# Milling silver contacts off



## etack (Sep 9, 2014)

Has anyone ever done this. I have lots of contacts on buss bars and I want to mill off the silver contact. I believe this will get the silver quicker and more efficient than sweating off with a torch. 

The contacts are all Ag/x NOT W/Ag contacts. 

I am looking for reasons that this would not work. My thinking is that I could put them in a vice and make a pass on them and mill them off and collect the chips. I think I could do a lot more an hour than I could with a torch. The mill is a little mill that will/has only been used for this.

Also some are Sn coated would it be wise to remove the Sn first or soak them in HCl after I mill them.

Eric


----------



## solar_plasma (Sep 10, 2014)

Be sure to mill them to whole noodles. Any dust would be nasty, since silver contacts might contain cadmium.


----------



## etack (Sep 10, 2014)

Thanks solar they were XRF and they contain no Cd.

These are middle size contacts about 11/16in or 17.5mm in diameter.

What is "whole noodles" 

I don't think dust would be a problem with a slow spindle speed and a large cutter.

If I mill these off the Cu would be 1# also that is another (+) too.

Eric


----------



## solar_plasma (Sep 10, 2014)

etack said:


> What is "whole noodles"
> 
> 
> Eric



:lol: I meant something like this (what is the correct word?):

https://www.google.de/search?hl=de&....7.0....0...1ac.1.53.img..0.9.651.tc_HNYrGqPs


----------



## etack (Sep 10, 2014)

Those are chips to me. 

Eric


----------



## kurtak (Sep 10, 2014)

Eric

If you have &/or get a lot of these larger type points it might be worth your while to put a set up like I have together for sweeting the points off the buss bars

Yesterday - about the same time you posted your question here I was actually running a batch & had I known I could have taken some pics of it actually in work - but these pics of the set up will have to do

What I do is put the bus bar/points in my turkey fryer/barrel incinerator (25gallon barrel with a turkey fryer burner in it) inside of which sets the stainless steel kettle - I then line the bottom of the kettle with the bus bar/points & turn the turkey fryer burner on full blast & give it about 20 minutes to come up to temp --- when the bottom of the kettle gets a dull red hot which takes about 10 minutes then about another 10 minutes for the bus bar/points to pre-heat --- each batch after the first batch only takes about 10 minutes as the kettle & incinerator are already hot

After the bus bar/points have had a few minute to preheat I then use the weed burner torch with flame blowing down on top of the bus bar/points till they get glowing red hot - pull the kettle out & give it a real good vigorous shaking & the points fall off the bus bars --- I then dump it in the big stainless steel pain for cooling

You want to sort them & do them in batches based on bus bar size/mass so they heat evenly - if you do them mixed (large mass with small mass) the smaller mass ones will actually start to melt down before the large mass ones come up to temp for the solder to melt

yesterdays harvest was a 3 batch run (based on bus bar mass) & only took me about an hour to run (including the start up time)

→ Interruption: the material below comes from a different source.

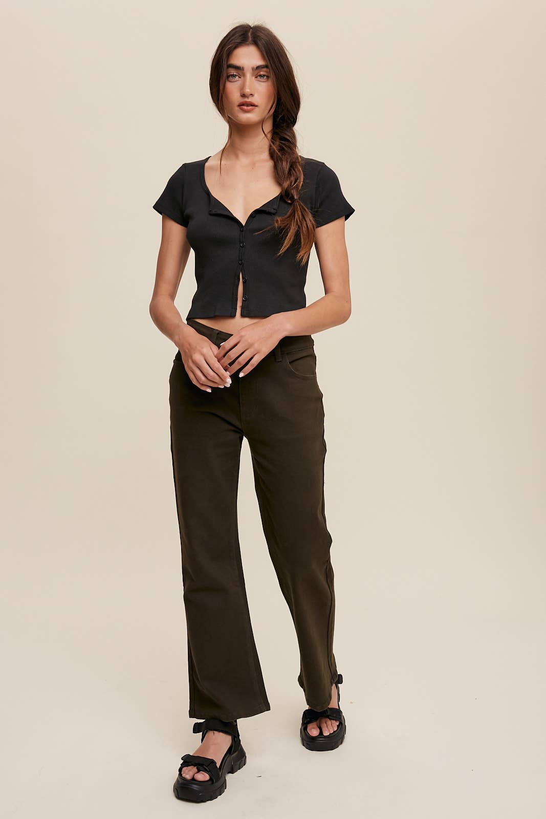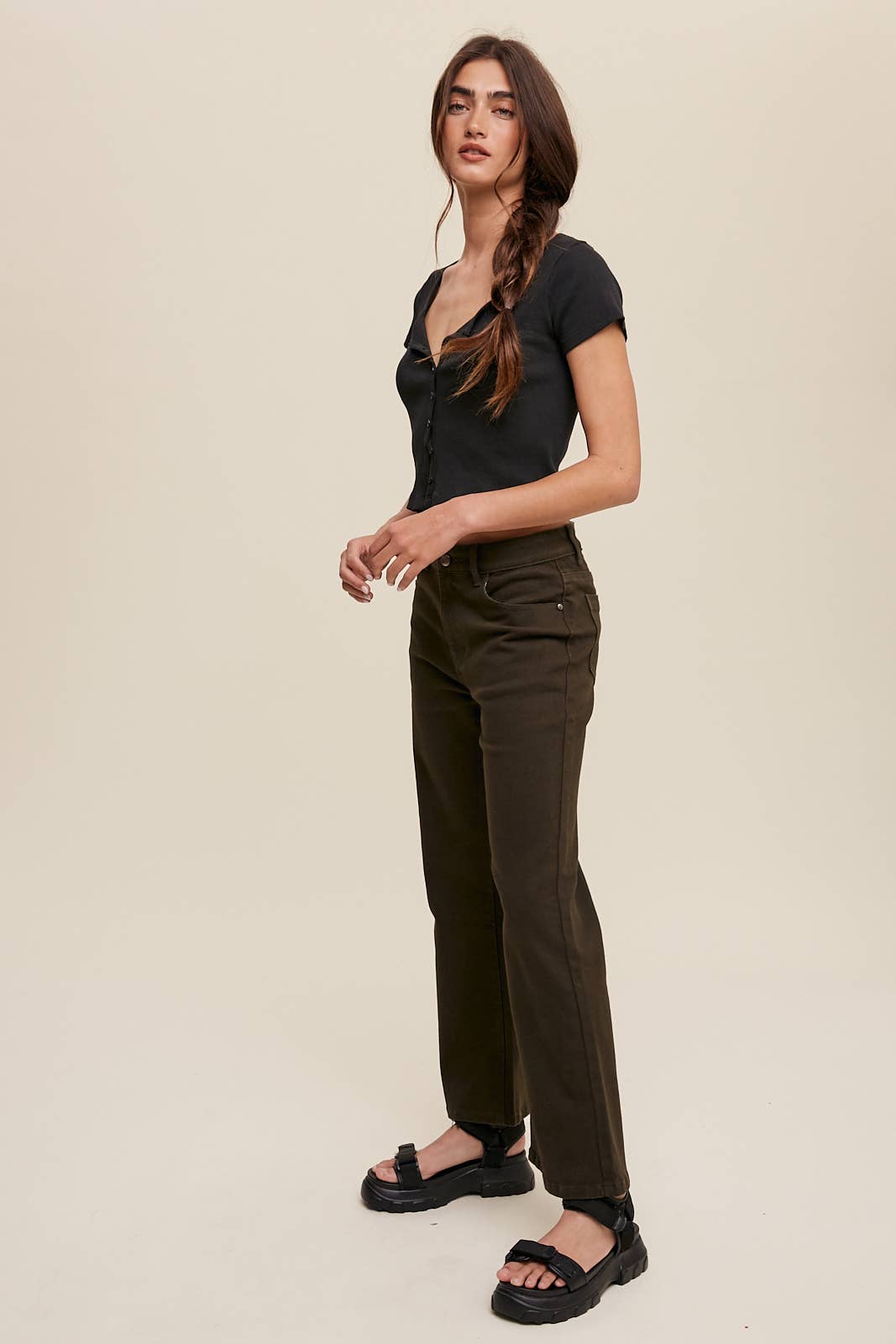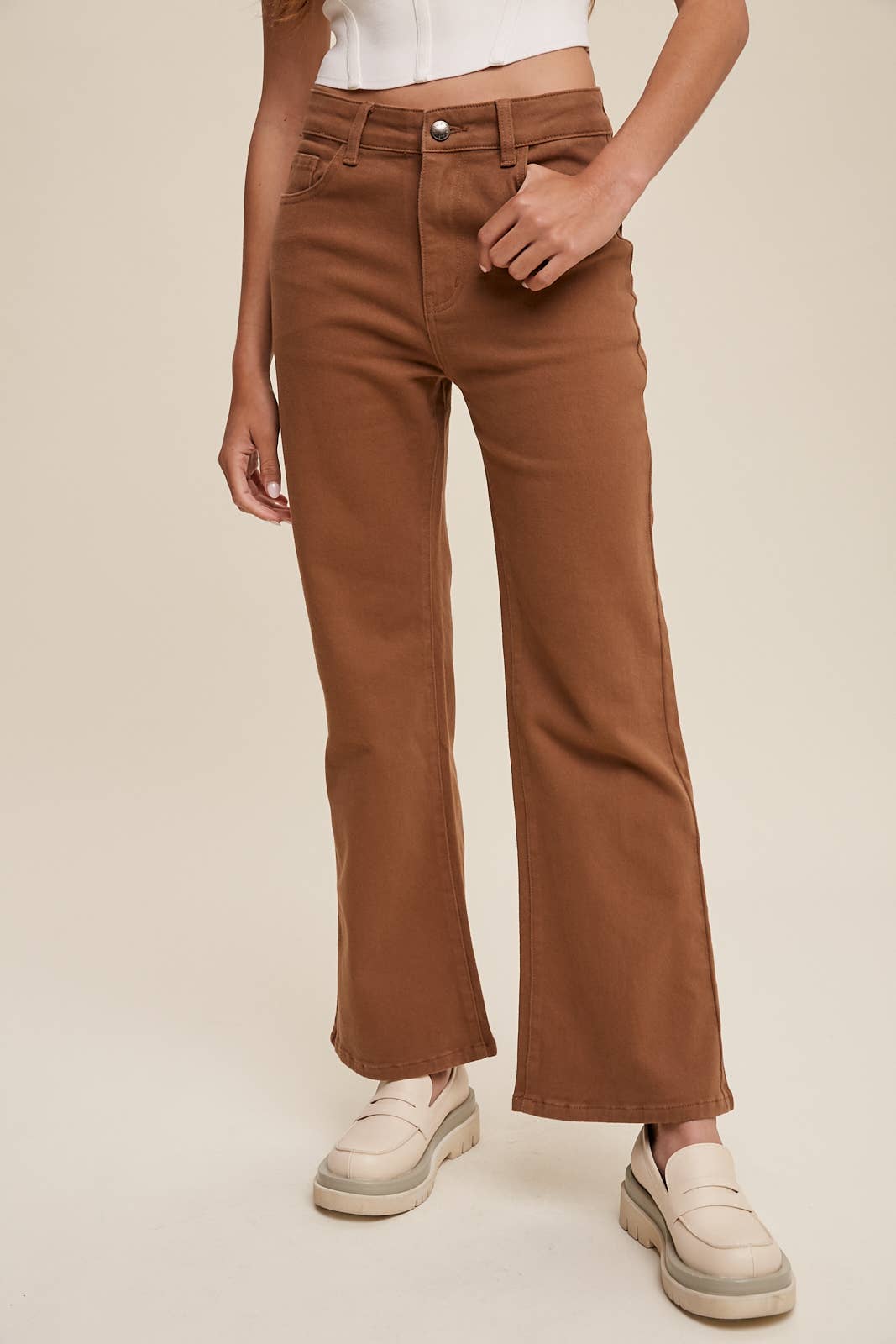 - Flattering Fit: Mid-rise waist with a classic five-pocket silhouette - Stretch Fabric: Made from a soft and stretchy denim blend for added comfort - Flared Hem: Slight flare from the knee down for a modern retro vibe - Clean Finish: Secure zip fly with button closure and tonal topstitching - Everyday Style: Versatile design pairs effortlessly with casual or elevated looks - Model is 5' 7" 31-24-35 and wearing a size Small Soft stretch denim and a clean flare cut make these pants a stylish and comfortable essential for every day.

You need to do this out side with the wind to your back & as well as ware a respirator (or under a good fume hood & ware a respirator) do to the cadmium in the solder

I get about 80 - 90% of my silver from doing contact points ( about 60 lbs silver so far this year) which is why I built this system - its a real time saver over trying to sweat points off with a torch

Kurt


----------



## etack (Sep 10, 2014)

That is pretty cool setup you have. The contacts you have are small and the amount of base metal is not that large also. The contacts that I get have a large buss bar attach to them. they weigh 50-260g each in Cu. My thinking is that they are all flat they all have straight sides (easy to put into a vice) and all the same thickness too. I have around 260# of these and more coming in every month too.

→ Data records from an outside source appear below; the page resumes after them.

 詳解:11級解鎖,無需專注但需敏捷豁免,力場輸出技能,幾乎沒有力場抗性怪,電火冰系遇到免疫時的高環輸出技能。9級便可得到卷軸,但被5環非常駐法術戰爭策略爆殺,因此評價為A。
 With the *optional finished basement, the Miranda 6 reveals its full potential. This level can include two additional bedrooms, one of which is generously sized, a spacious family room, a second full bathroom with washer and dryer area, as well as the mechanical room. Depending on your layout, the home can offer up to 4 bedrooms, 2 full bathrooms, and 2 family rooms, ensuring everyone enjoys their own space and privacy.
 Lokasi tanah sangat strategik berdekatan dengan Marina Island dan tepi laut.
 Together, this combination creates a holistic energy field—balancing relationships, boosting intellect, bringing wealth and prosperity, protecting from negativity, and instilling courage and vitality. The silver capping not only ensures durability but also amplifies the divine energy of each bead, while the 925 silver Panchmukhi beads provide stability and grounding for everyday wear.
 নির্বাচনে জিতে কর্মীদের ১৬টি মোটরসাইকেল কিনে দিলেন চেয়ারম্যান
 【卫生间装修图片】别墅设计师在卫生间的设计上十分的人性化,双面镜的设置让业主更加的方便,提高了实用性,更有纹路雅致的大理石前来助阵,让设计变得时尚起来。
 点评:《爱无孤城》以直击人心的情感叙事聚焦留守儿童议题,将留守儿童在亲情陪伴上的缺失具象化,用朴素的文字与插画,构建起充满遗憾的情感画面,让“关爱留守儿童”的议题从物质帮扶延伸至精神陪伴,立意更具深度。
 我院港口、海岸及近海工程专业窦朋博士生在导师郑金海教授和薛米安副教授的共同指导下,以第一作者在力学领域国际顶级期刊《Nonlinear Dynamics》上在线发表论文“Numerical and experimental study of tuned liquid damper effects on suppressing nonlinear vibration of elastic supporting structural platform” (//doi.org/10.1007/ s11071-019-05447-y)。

I also don't want to lose any silver in the way of soler of melting. Being able to sell them as 1# Cu is also a plus too.

I think that I will just get the mill and see how it goes if it work great if not I will sell the mill.

Eric


----------



## kurtak (Sep 11, 2014)

etack said:


> That is pretty cool setup you have. The contacts you have are small and the amount of base metal is not that large also. The contacts that I get have a large buss bar attach to them. they weigh 50-260g each in Cu.
> 
> Eric



Eric

Actually the bus bars pictured in my cooling pan are about the same size as what you show in your pic - the ones on the left are about 210 gr & the smallest ones on the right are about 45 gr - you can't really read the scale that well but that's 1.2 lbs points on the scale (not gr or oz ) that's actual weight of the points (container was tare adjusted on scale before adding points) --- there is about 12 lbs copper in the cooling pan

Normally I will wait till I have a larger amount to run in the sweat off set up but I am getting ready to pour anode bars for my next silver cell run --- I pour 2 lb anode bars & I had 11 lbs silver to melt so I needed another lb silver to make that sixth bar

It doesn't happen very often but I have had contactors (magnetic disconnects) come in that have had contact point pads on the bus bars that weighted right at 1 ozt per point pad with 12 pads per contactor

Anyway - that's a real nice stash of large contact points you have

The milling idea is not a bad idea - just not sure if the time to mill (& expense of mill) will justify the up grade of #1 copper & silver recovered from solder

As a heads up - I could have done 2 -3 times in the same time the other day if I had more to do (there was room for more in each of the three batches I did) I just did this small bunch because I needed the extra lb of silver to pour that sixth anode bar

Kurt


----------